▶ _DATA SHOWN_
/---
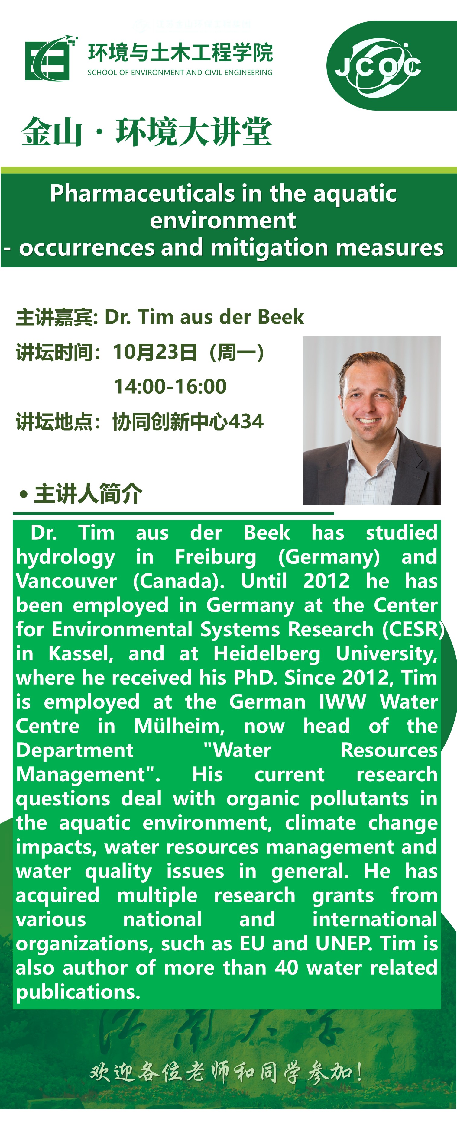 微密猫大讲堂 --Dr. Tim aus der Beek:Pharmaceuticals in the aquatic environment occurrences and mitigation measures
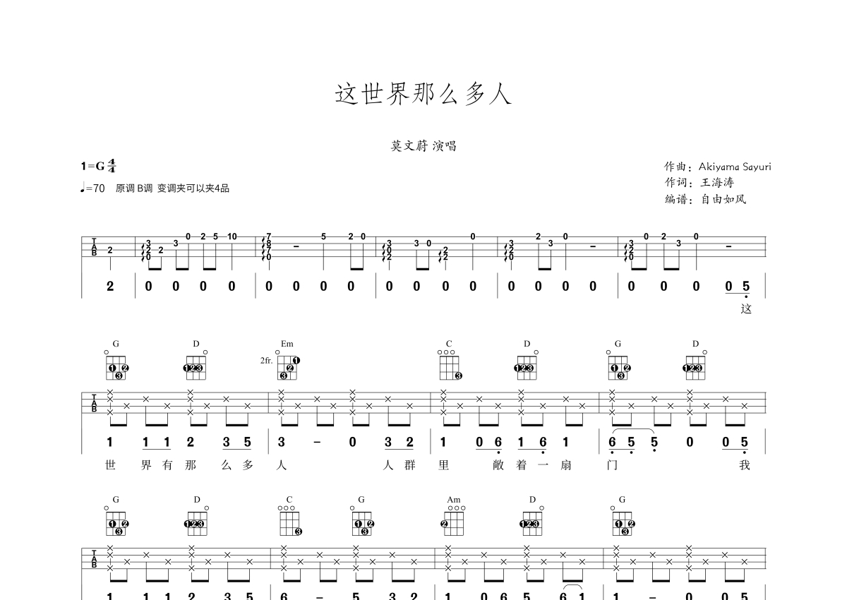 莫文蔚《这世界那么多人》尤克里里谱 - G调尤克里里谱 - 分解和弦、扫弦
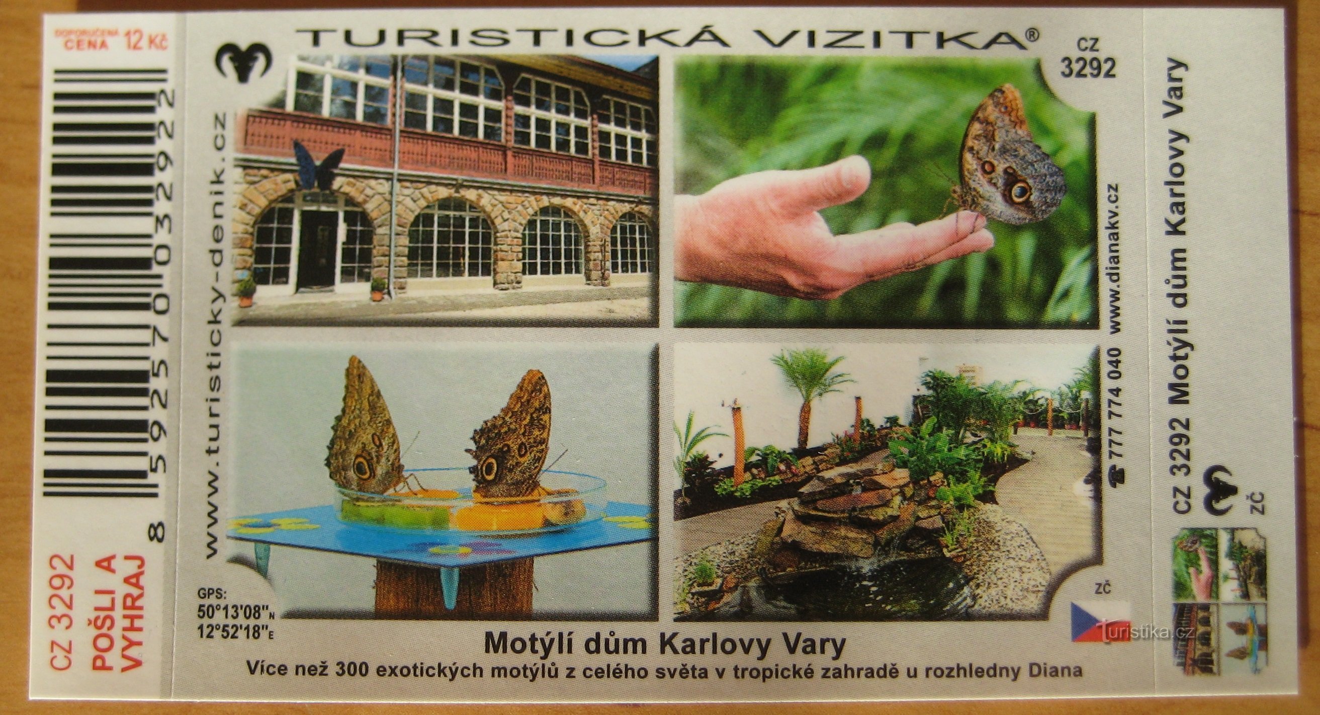 Turistická známka č. 2230 - Motýlí dům, lze zakoupit v Motýlím domě v Karlových Varech v areálu rozhledny Diana... Dále lze zde zakoupit TV č. CZ 3292A zjískat tyto razitka - viz. fotoDoporučujeme: 360° video - Motýlí dům ve virtuální realitě na VRČesko.cz
\---
▶ _TASK TO COMPLETE_
Without the pictures, repeat the line with "莫文蔚《这世界那么多人》尤克里里谱 - G调尤克里里谱 - 分解和弦、扫弦" and every line after it to the end of the listing, and nothing else.

▶ _RESPONSE AREA_
 莫文蔚《这世界那么多人》尤克里里谱 - G调尤克里里谱 - 分解和弦、扫弦
 Turistická známka č. 2230 - Motýlí dům, lze zakoupit v Motýlím domě v Karlových Varech v areálu rozhledny Diana... Dále lze zde zakoupit TV č. CZ 3292A zjískat tyto razitka - viz. fotoDoporučujeme: 360° video - Motýlí dům ve virtuální realitě na VRČesko.cz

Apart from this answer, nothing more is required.